I’d say we’re on a roll with all this science, so consider this quote from a recent article:  “Ample research suggests that the flavonols in dark chocolate increase cerebral blood flow, which in turn may trigger the creation of new blood vessels and brain cells.  And a new study showed that older adults performed better on cognitive tests after eating small portions of the sweet stuff.”  The same article also mentions that chocolate weakens heart attacks and contains cavity fighting compounds.  Personally, I think it may also help you balance your checkbook and program your VCR, but I don’t have any solid research to back that up.  The bottom line is, I’m sold.  More chocolate for the masses in every form – truffles, kisses, mousse, fondue, dipped fruit, mole sauce and movie titles (Chocolat).

My buddy, Jon, is a great cook and baker.  When he makes chocolate chip cookies, he mixes in more chunks of premium chocolate than you would think the dough could handle – totally oozy and good.  And then, for good measure, he takes a large chunk of broken chocolate and pushed it into the center of the dough, so that it melts into a big, juicy chocolate center button, that you get to eat your way to.  It makes for a great finale and teaches you the importance of setting goals in life.  As if that weren’t enough, he uses an ice cream scoop to put them on the cookie sheet, so when they are cooked, they turn out to be the approximate size of Rhode Island.  The best!
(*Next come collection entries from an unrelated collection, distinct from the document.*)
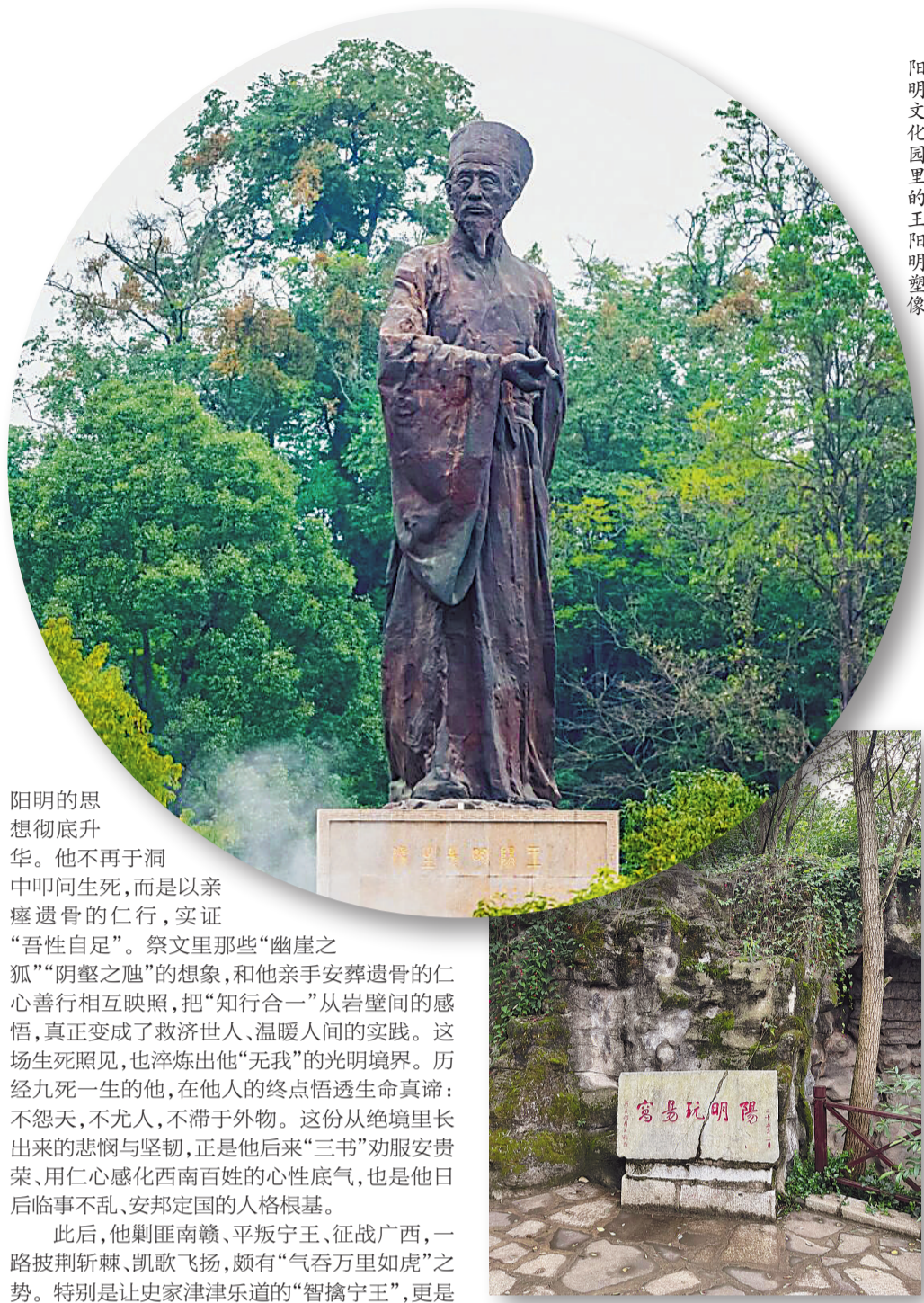
阳明文化园里的王阳明塑像

阳明的思想彻底升华。他不再于洞中叩问生死，而是以亲蹇遗骨的仁行，实证“吾性自足”。祭文里那些“幽崖之孤”“阴壑之魑”的想象，和他亲手安葬遗骨的仁心善行相互映照，把“知行合一”从岩壁间的感悟，真正变成了救济世人、温暖人间的实践。这场生死照见，也淬炼出他“无我”的光明境界。历经九死一生的他，在他人的终点悟透生命真谛：不怨天，不尤人，不滞于外物。这份从绝境里长出来的悲悯与坚韧，正是他后来“三书”劝服安贵荣、用仁心感化西南百姓的心性底气，也是他日后临事不乱、安邦定国的人格根基。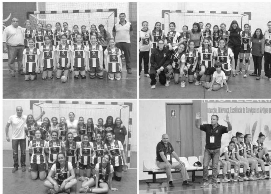
Infantis, iniciados e juvenis sagraram-se campeões da Madeira e juntamente com as juniores vão jogar os Nacionais.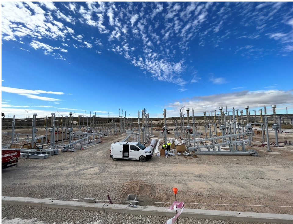
Figura 12 CS Ave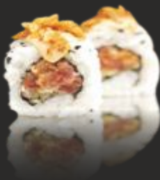
81 SPICY TUNA ROLL (4u)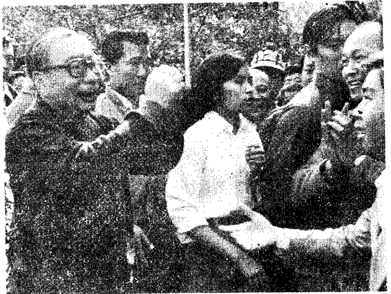
蔣總統經國到台南巡視地方建設，答謝民眾歡呼。

省農林廳表示，為確實了解本省農機現有數量，並配合新的農業機械管理辦法的實施，與中油公司全面換發購買卡等政策的推動，特辦理農機全面普查與登記，以期有效掌握農機推廣和分布情形，作為推動農業機械化政策的參考。同時利用電腦管理，以建立全國農機資料庫。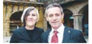
© Roig amb Josep Anglada, de PxC.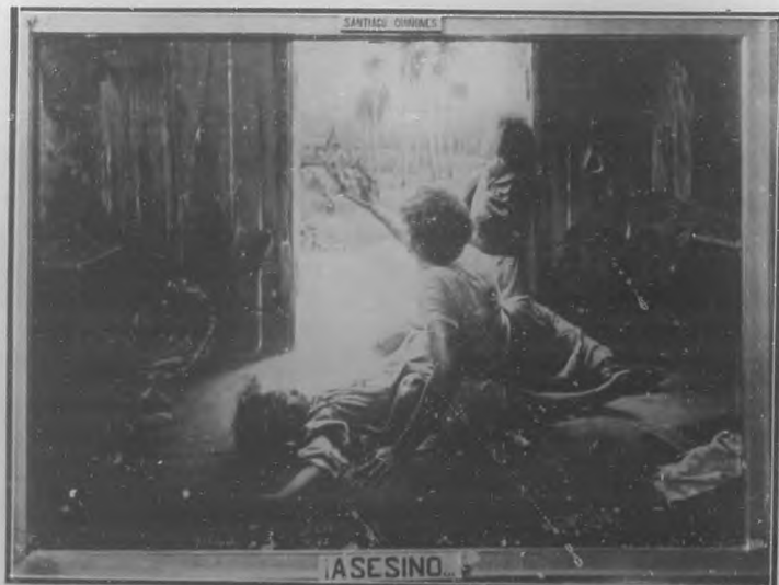
IASESINO!—Cuadro de Santiago Quiñones.

But there is a thing that may be the culmination, the apex, of all thought and research on the subject – Pots de creme.  It’s a French idea, so keep it quiet, or they’ll probably slap another tax on it.  Here’s how you do it:

Ingredients

9 ounces of high quality semisweet chocolate, chopped

1 1/2 cups whole milk

1 1/2 cups heavy cream

6 large egg yolks

5 tablespoons granulated sugar

1/4 teaspoon of salt

1 tablespoon confectioners’ sugar

Directions

Place the chocolate in a blender.  Whisk the milk, 1 cup cream, egg yolks, granulated sugar and salt in a heavy-bottomed medium saucepan over medium heat.  Cook, stirring constantly with a heatproof spatula, until the mixture is thick enough to coat the spatula and almost boiling, 5 to 6 minutes.

Immediately, pour the milk mixture over the chocolate in the blender.  Cover and hold the lid with a thick kitchen towel; blend until combined and smooth, stopping to scrape down the sides of the blender as needed.  Divide the chocolate mixture among ramekins or small cups and refrigerate until set, about 2 hours.

Whip the remaining 1/2 cup cream and the confectioners’ sugar with a mixer or in the blender until soft peaks form.  Top the chilled pots de creme with whipped cream.

Try it out on your friends.  It’s quick, so you can throw it together in no time.  But don’t share the recipe with them.  It’s too easy and if you tell them that, they will think they are slumming, at your house.  If you don’t give them the recipe, but you do use the French pronunciation (poh-d-crem) and sneer a little, they will be so impressed that they’ll assume you’re slumming, with them.  It will ratchet up your social stock, almost immediately.

One thing is for sure; if you end the meal with chocolate Pots de Creme, you’ll think you’ve died and gone to Heaven.  Really.